The good news is that this step is complete. We’ve released the thylacine genome which is basically a complete genetic blueprint or set of instructions on how to build a thylacine.

This is an essential first step in any de-extinction project, and the likelihood of de-extincting the animal is completely reliant on the quality and accuracy of that genome.

To date, the thylacine represents the highest quality extinct genome for any species (and before you ask, yes, that includes the woolly mammoth and the dodo). However, this resource can still be improved.

Since we published the thylacine genome in 2017, advances in genome sequencing technology now provide many new options to further enhance the quality and build of the genome.

STEP 2:

This is another one the team have already completed. We now have the sequence for several species which represent the thylacine’s closest relatives, which includes the dunnart or marsupial mouse.

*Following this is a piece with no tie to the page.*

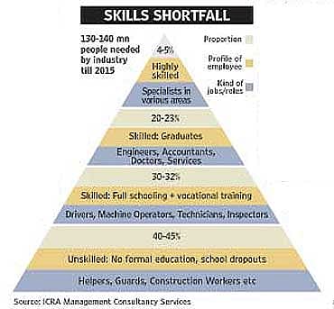 But with 300 million people expected to enter the job market in the next 19 years, that's clearly not enough. As things stand, "there is not only a mismatch in the quantity, but also the quality of training...it doesn't always match up with job market requirements. And this is at the middle level," points out Sukti Dasgupta, ILO senior specialist on employment and labour market policies. According to consultancy firm Manpower, engineers, IT staff, technicians, sales representatives and teachers are the top five categories where there is a major shortage of skilled manpower. "Around 58 per cent of youth seeking employment suffer from some sort of skill deprivation, impacting productivity. The agony and ecstasy of the Indian labour market is that companies can't find suitable employees and workers can't find remunerative work," says Manish Sabharwal, chairman of TeamLease Services, a major placement provider.

The species with the most similar DNA will provide the living cells and template genome that can then be edited to transform it into a thylacine genome.

STEP 3:

This is a large bioinformatics (or computational) project that compares marsupial genomes to identify all the differences that would potentially need to be edited into the hosts genome to create a ‘thylacine’ cell. This element is currently a major objective of the new TIGRR lab.

STEP 4:

This step is now in development with the TIGRR lab and the Australian Research Council. We have derived stem cells for our model marsupial species, the fat-tailed dunnart, from which a lot of the techniques needed for our thylacine de-extinction will be developed.

As part of TIGRR lab, we will establish methods that work in all marsupials. With this tool, we can effectively bio-bank diversity in ‘at-risk’ marsupial populations and protect against the loss of species that are threatened or endangered.

STEPS 5 TO 7

These steps require the development of assisted reproductive technologies (ART) for marsupials and is in development with the TIGRR lab. These techniques are required to use living stem cells to make an embryo and then successfully transfer it into a host species’ uterus.

STEPS 8 TO 9:

This is where de-extinction efforts for marsupials have a distinct advantage over other mammals. All marsupials give birth to tiny young which complete development in the pouch while suckling milk.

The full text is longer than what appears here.